Content starts

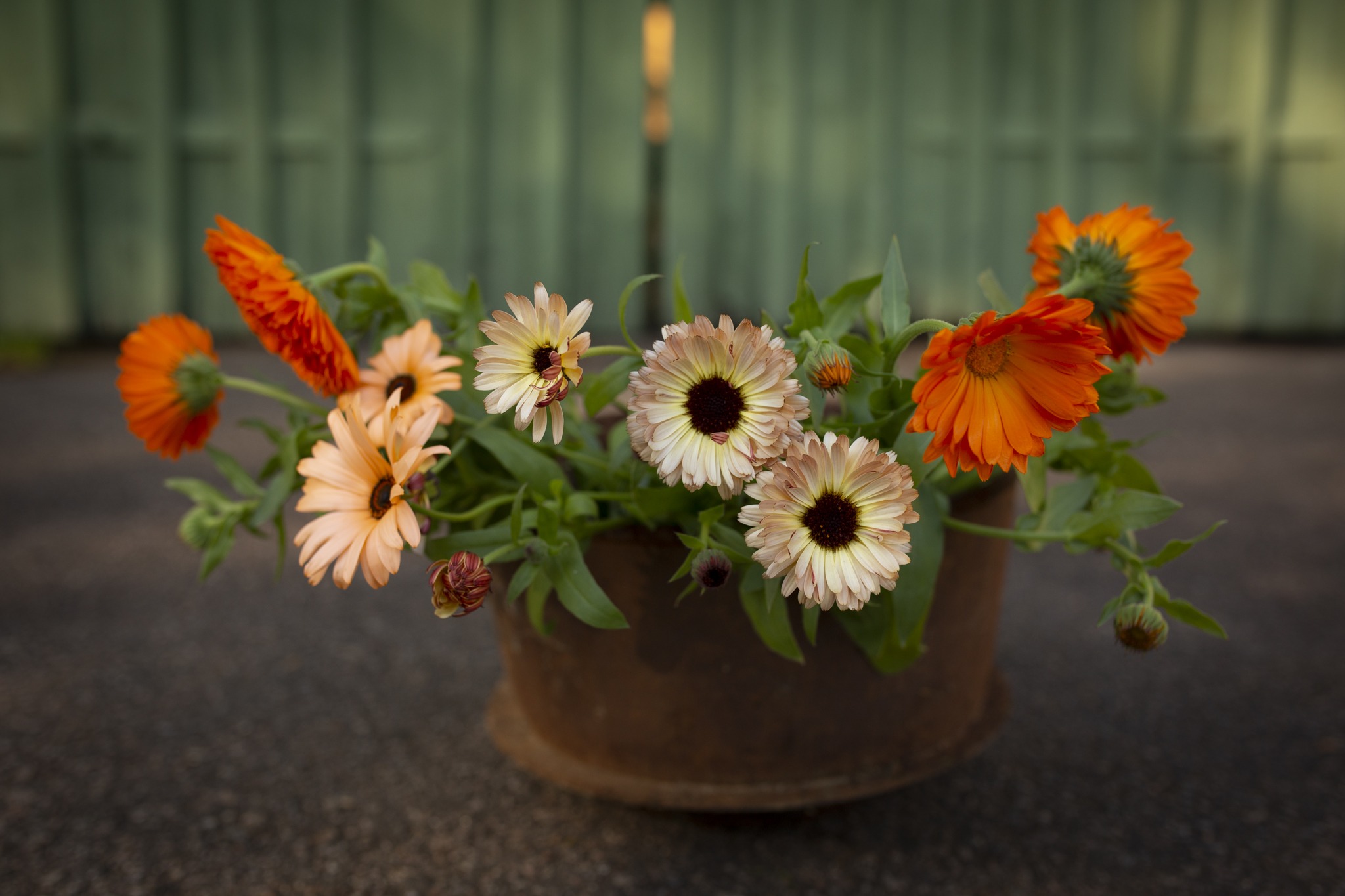 ringblomma, marigold, bouquet, snittblommor, bud, knopp, blomma, flower, sara bäckmo, sara backmo, skillnadens blommor, skillnadens trädgård, sara's kitchen garden,
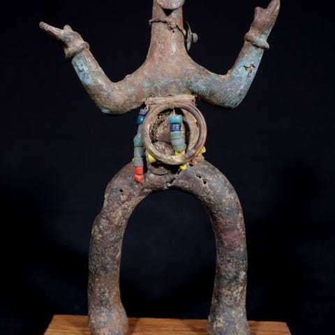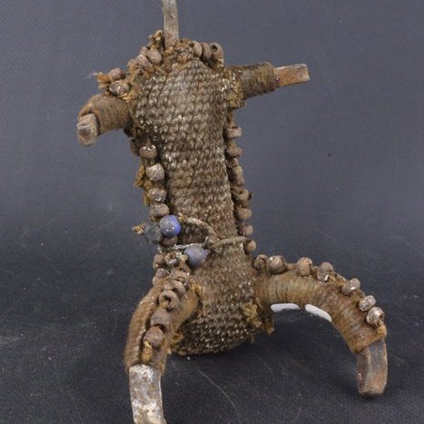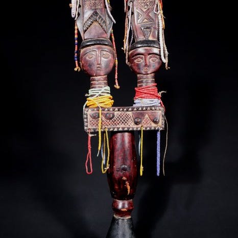 Namji træ- og perlekvindepuppe fra Cameroun, mål 47 × 17 × 9 cm, slutningen af det 20. århundrede, i god stand. Klik på den blå "gå til varen" knap, for at købe eller byde på denne vare. Den samlede pris vil blive vist inden du afgiver dit bud.
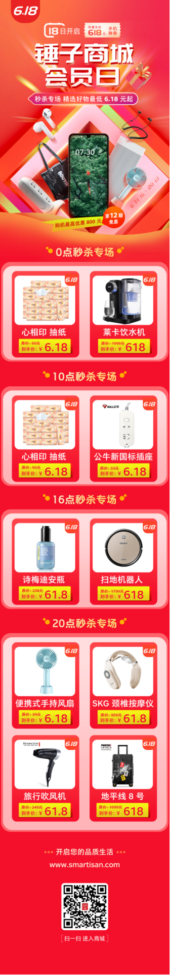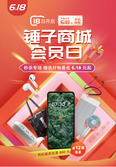 现有618促销福利加上6月坚果会员日活动,惊喜力度直接“加倍”!前往锤子商城购买坚果Pro 3,最高优惠800元,同时直享12期分期免息。18日巅峰时刻,除了超值的618元手机神券限量发放之外,锤子商城还将开启各种生活品质好物的秒杀专场,精选好物最低6.18元,助力粉丝用户们花更少的钱,畅享品质生活。
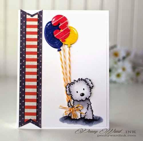 Beautiful card, love the stamp it is so cute and the balloons are gorgeous. It definitely looks like a Bichon.
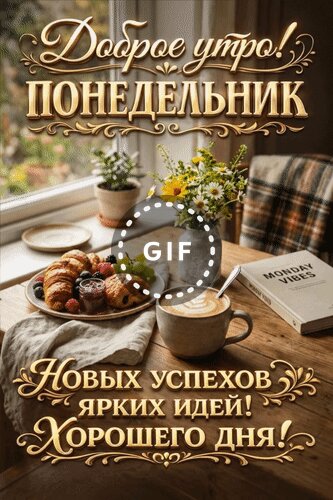 Анимированная открытка "Доброе утро! Понедельник. Новых успехов, ярких идей! Хорошего дня!"

Content ends

*DESCRIPTION OF THE TASK*.
The expected output is the lines above from the one containing "现有618促销福利加上6月坚" to the one containing "Beautiful card, love", both ends included, reproduced exactly with every picture left out.

*YOUR SOLUTION*.
 现有618促销福利加上6月坚果会员日活动,惊喜力度直接“加倍”!前往锤子商城购买坚果Pro 3,最高优惠800元,同时直享12期分期免息。18日巅峰时刻,除了超值的618元手机神券限量发放之外,锤子商城还将开启各种生活品质好物的秒杀专场,精选好物最低6.18元,助力粉丝用户们花更少的钱,畅享品质生活。
 Beautiful card, love the stamp it is so cute and the balloons are gorgeous. It definitely looks like a Bichon.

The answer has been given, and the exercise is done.